Actually, I thought the thread had turned into a stimulating blend of honest advice and non-mean-spirited humor. I laughed at the Homeopathic Martini joke.
I’m 25, and I’m paying for every dime of my insurance and medical bills. So of course it doesn’t really matter what her opinion is. But my mom & I are pretty close, talking on the phone a couple of times a week, and I know she’s worried about my health. So, as long as she’s worried, she’s going to try to do something about it, and this is her way of doing something.
AskNott, how’d you know my martini recipe? Unfortunately, I can’t drink until this whole thing gets better, so maybe I’ll have to put a glass of icewater on a picture of a martini and drink that instead.
Well, you could tell her you followed her instructions To. The. Letter. but it made your skin turn blue and your fingernails fell out. Tell her your doctor is furious with you, and he made you sign an agreement not to try any more homeopathy.
How is it made, by the way?
Tell her that you’ve taken her advice and started sleeping with multiple women at once. When she acts shocked, say “Oooooh! You said homeopathic…”
Humor is OK, but only in extremely low concentrations.
This made my day. What would this place be without humor that norms might find inappropriate?
I really don’t even know what homeopathic remedies are indicated here; I don’t think my mom knows, either. I have a coworker who’s been convinced by a naturopath that she also has candida sensitivity, so I’m going by what she complains about. I believe I would have to give up bread, because, you know, there’s yeast in bread, or something, even if it’s dead and not the same kind of yeast to begin with. And stop eating all wheat, and sugar (including natural fruit sugars), and stop drinking, because yeast eats wheat and sugar. And take a bunch of expensive herbs. Which sounds completely looney.

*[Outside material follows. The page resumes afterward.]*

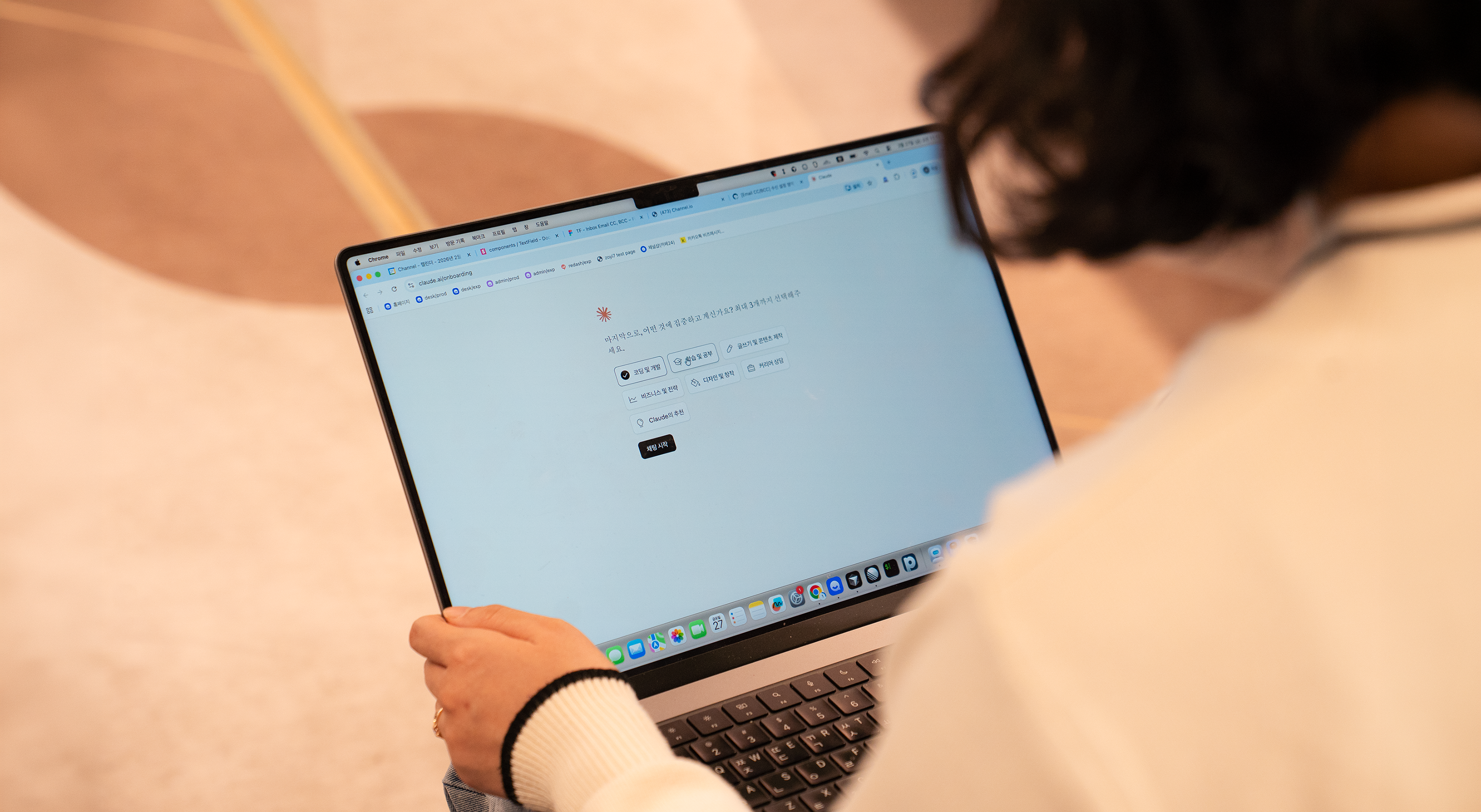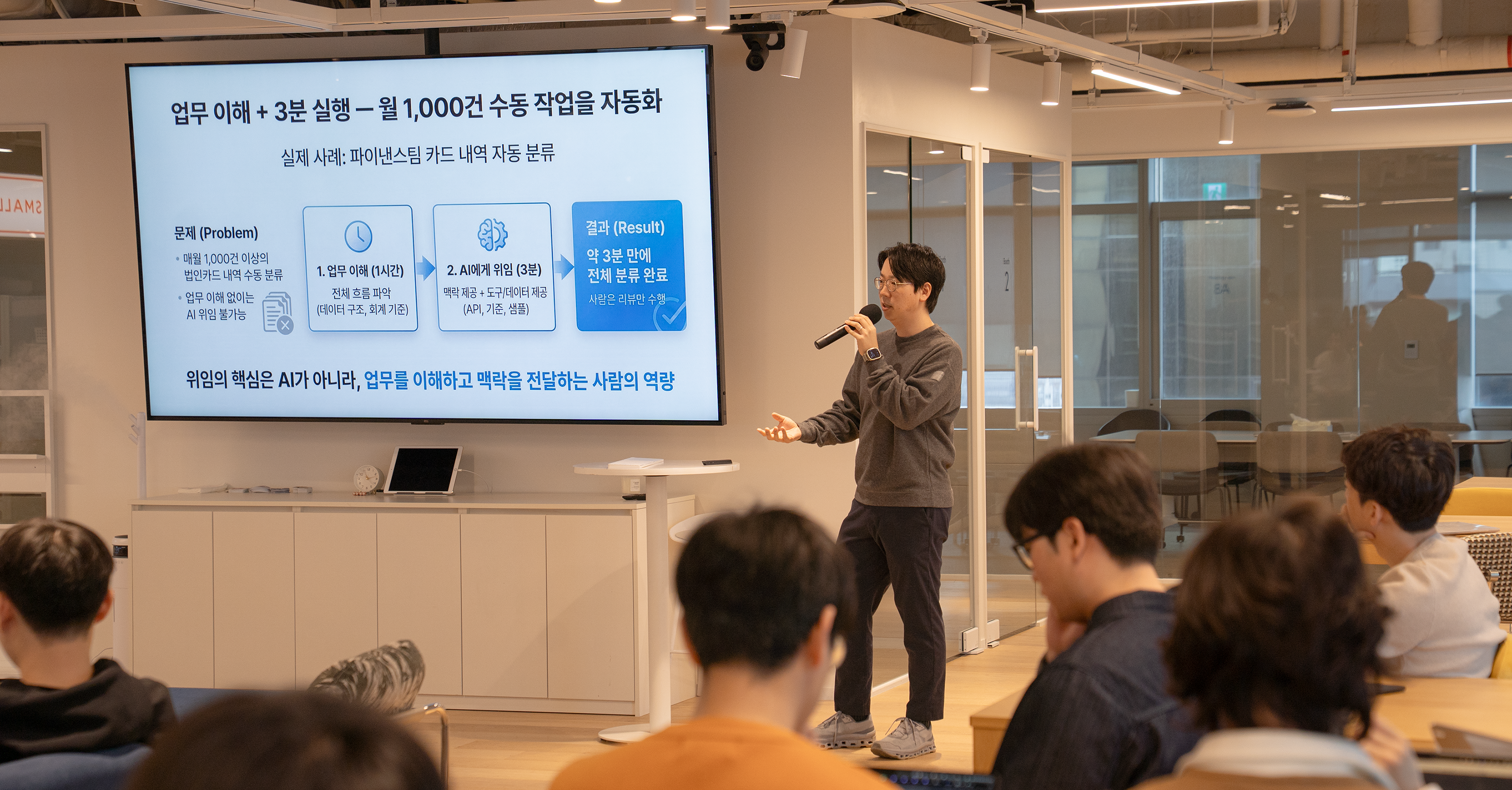 지난 2월 타운홀에서 AI Impact에 대해 강조하는 시간을 가졌습니다. 지난 1월 타운홀에서 CAIO 브라이언이 채널팀 멤버 모두가 클로드 코드를 사용할 것이라고 공유해주셨는데요. 그 일이 실제로 일어났습니다. 채널팀은 AI 구호만 외치지 않고 주도적으로 일하는 방식을 변화시켜 나가고자 합니다. 이를위한 시작으로 AX팀에서 모든 멤버에게 클로드 코드 사용법과 실제 사용 사례를 공유해주었습니다. 채널팀 멤버들이 노트북을 가지고 라운지에 모여 클로드 코드를 직접 활용하면서 익숙해질 수 있는 시간이었습니다. 그리고 제품에 AI를 담는 것 이상으로 우리가 일하는 방식의 혁신이 필요함을 모두가 공감할 수 있었습니다.
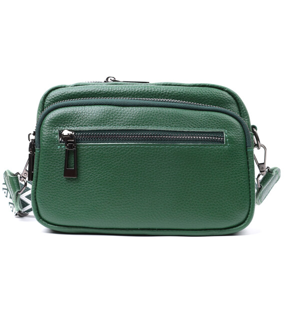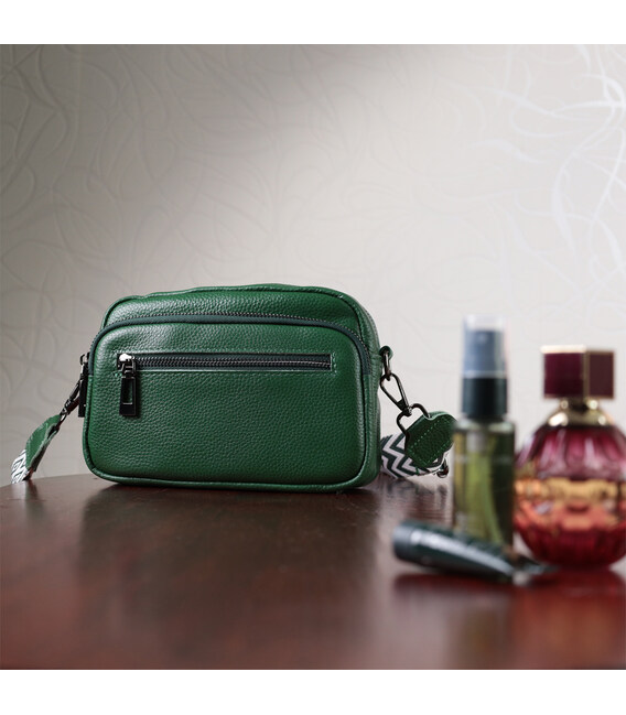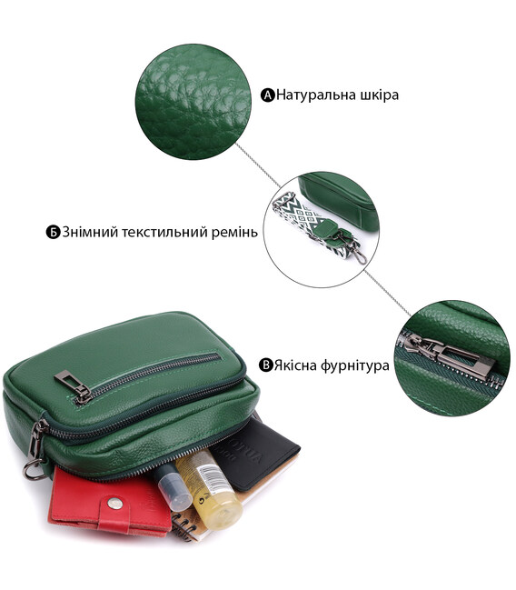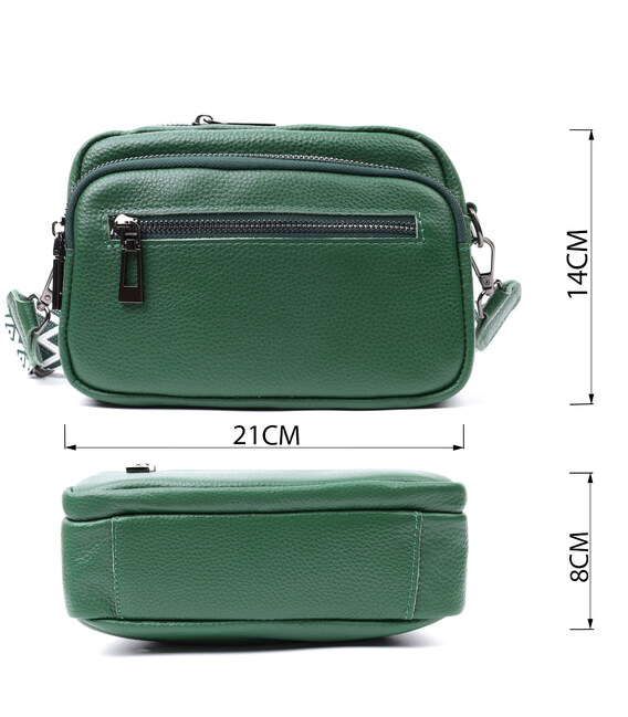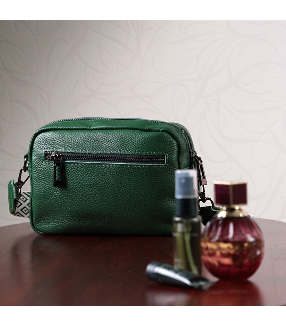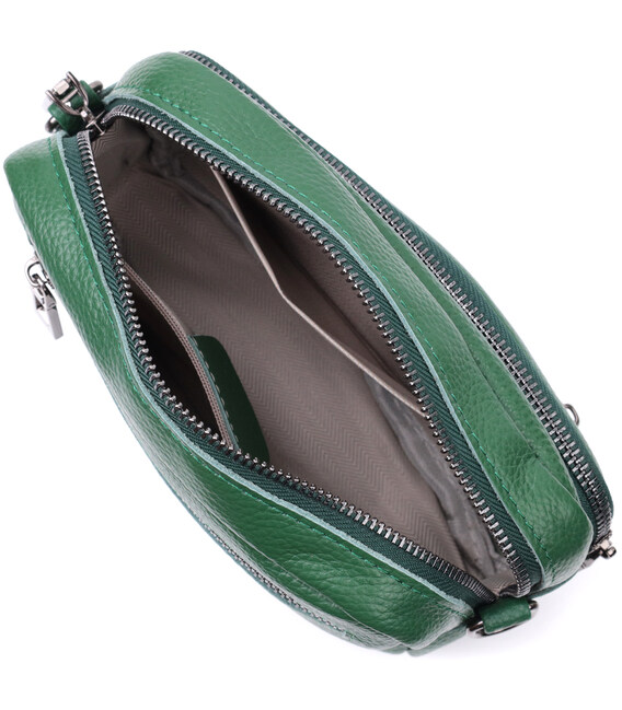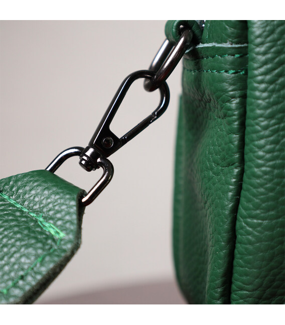 Жіноча компактна, але містка сумка з натуральної шкіри. Аксесуар складається з основного відділення, що закривається на блискавку, кишені відкритого типу та кишені на блискавці всередині та трьох кишень зовні. Носити сумку можна на плечі та через плече, також можна носити як клатч під рукою, для цього можна зняти текстильний ремінець.

I’m already off the booze and refined sugar, because that’s standard advice for when one is fighting a bladder infection, but I expect I can go back to eating m&ms and drinking scotch eventually. If I go with this “diagnosis”, that diet is for life.
I tried to go to a website I found by googling “candida”, but it crashed my browser. So right now this question is purely theoretical.
What you can not do is try to argue it out rationally. This won’t work. If you and your mother agreed on what constitutes a valid argument, you wouldn’t be in this position in the first place.
What you can do is fight fire with fire, so to speak. Tell your mother that if she would simply take up reiki then this whole dispute over homoepathy would simply disappear. This is because reiki practitioners believe they can ‘send’ healing energies (or something) over any distance, to any target. 1000 miles makes no difference. So your mother can send the healing energies to you. Or she can buy the homeopathic remedies, wave her hands over them and send whatever healing properties they may have to you using reiki. Or she can even take the remedies herself and, having ingested the healing properties, reiki them your way. All of this and more is deemed to be possible with the miracle of reiki (compared to which, homeopathy is a cogent body of empirically-validated scientific enquiry).
Ianzin, that reminds me of when my brother-in-law tried to tell my mother-in-law that she really didn’t need a hip replaced. According to Falun Gong, (and he was new to the faith and very evangelistic) all she needed to do was focus the vibrations in her body, and she’d be healed!
That idea didn’t go over so well.
She’s such a smart woman in all other respects - it just bugs me that she’s got this area of her brain where logic fears to tread. I do have hope for explaining things to her, but I don’t know if that’ll stick.
Tell her you’re being treated by the world famous Dr. Andretti.
Naw, I’ll only call him if it’s black. Hasn’t come to that yet.